How to add observability to production Claude agents — structured logging, trace IDs, token usage tracking, cost dashboards, and the debugging patterns.

Claude Agent Observability: Logging, Tracing, and Debugging Production Agents

Production Claude agents need three observability layers: structured logging of every LLM call with token counts and latency, trace IDs that connect multi-turn conversations to individual requests, and a cost dashboard that shows per-user API spending before your bill arrives. Without these, debugging agent failures is guesswork and cost surprises are inevitable. This guide covers the full observability stack for production Claude agents, from structured logging to cost alerts.


Why Agent Observability Is Different

Standard web application observability tracks HTTP requests: status codes, latency, errors. This covers the surface of agent behavior but misses the most important signals:

You need purpose-built agent observability on top of standard infrastructure monitoring.
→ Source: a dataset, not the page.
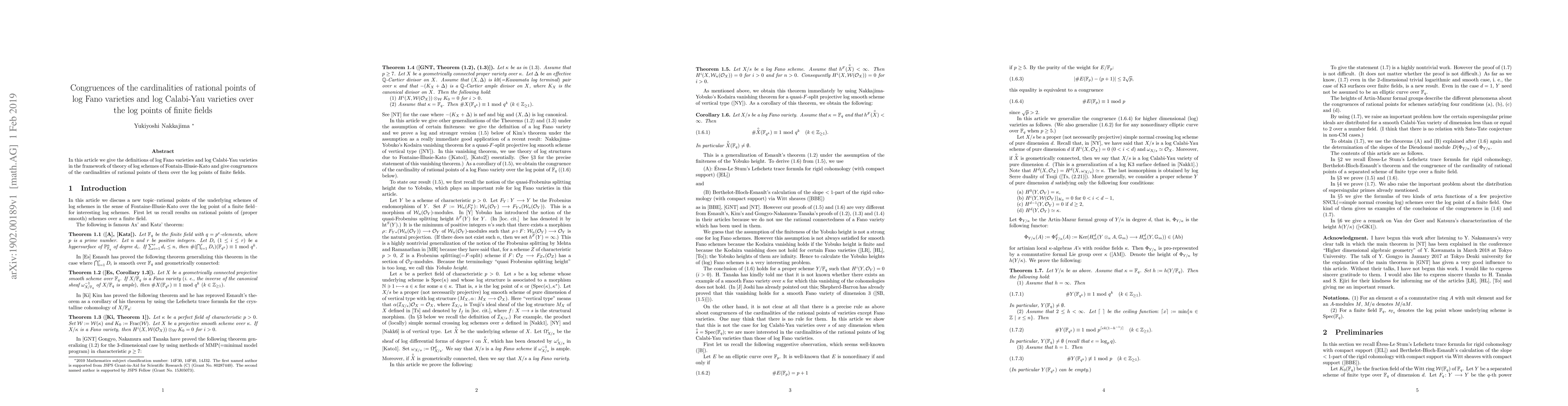 Summary: This research defines log Fano and log Calabi-Yau varieties within the log scheme theory framework and presents congruences regarding the cardinalities of their rational points over finite field log points.

Layer 1: Structured Logging

Every API call should emit a structured log event — not a print statement, a JSON record.

Python logging setup

import logging
import json
import time
import uuid
from dataclasses import dataclass, asdict
from typing import Any
import anthropic

# Configure structured logging
logging.basicConfig(level=logging.INFO)
logger = logging.getLogger("claude_agent")


@dataclass
class LLMCallEvent:
    event_type: str = "llm_call"
    trace_id: str = ""
    session_id: str = ""
    user_id: str = ""
    model: str = ""
    input_tokens: int = 0
    output_tokens: int = 0
    cache_read_tokens: int = 0
    cache_write_tokens: int = 0
    latency_ms: float = 0.0
    stop_reason: str = ""
    tool_calls: list = None
    cost_usd: float = 0.0
    error: str = ""

    def __post_init__(self):
        if self.tool_calls is None:
            self.tool_calls = []


def calculate_cost(model: str, input_tokens: int, output_tokens: int,
                   cache_read_tokens: int = 0) -> float:
    """Calculate cost in USD."""
    pricing = {
        "claude-haiku-4-5":  {"input": 0.80, "output": 4.00, "cache_read": 0.08},
        "claude-sonnet-4-5": {"input": 3.00, "output": 15.00, "cache_read": 0.30},
        "claude-opus-4-7":   {"input": 15.00, "output": 75.00, "cache_read": 1.50},
    }
    p = pricing.get(model, pricing["claude-sonnet-4-5"])
    billed_input = input_tokens - cache_read_tokens  # Non-cached tokens
    return (
        billed_input * p["input"] / 1_000_000 +
        cache_read_tokens * p["cache_read"] / 1_000_000 +
        output_tokens * p["output"] / 1_000_000
    )


class ObservableAnthropicClient:
    """Anthropic client wrapper that emits structured logs."""

    def __init__(self, session_id: str = None, user_id: str = None):
        self.client = anthropic.Anthropic()
        self.session_id = session_id or str(uuid.uuid4())
        self.user_id = user_id or "anonymous"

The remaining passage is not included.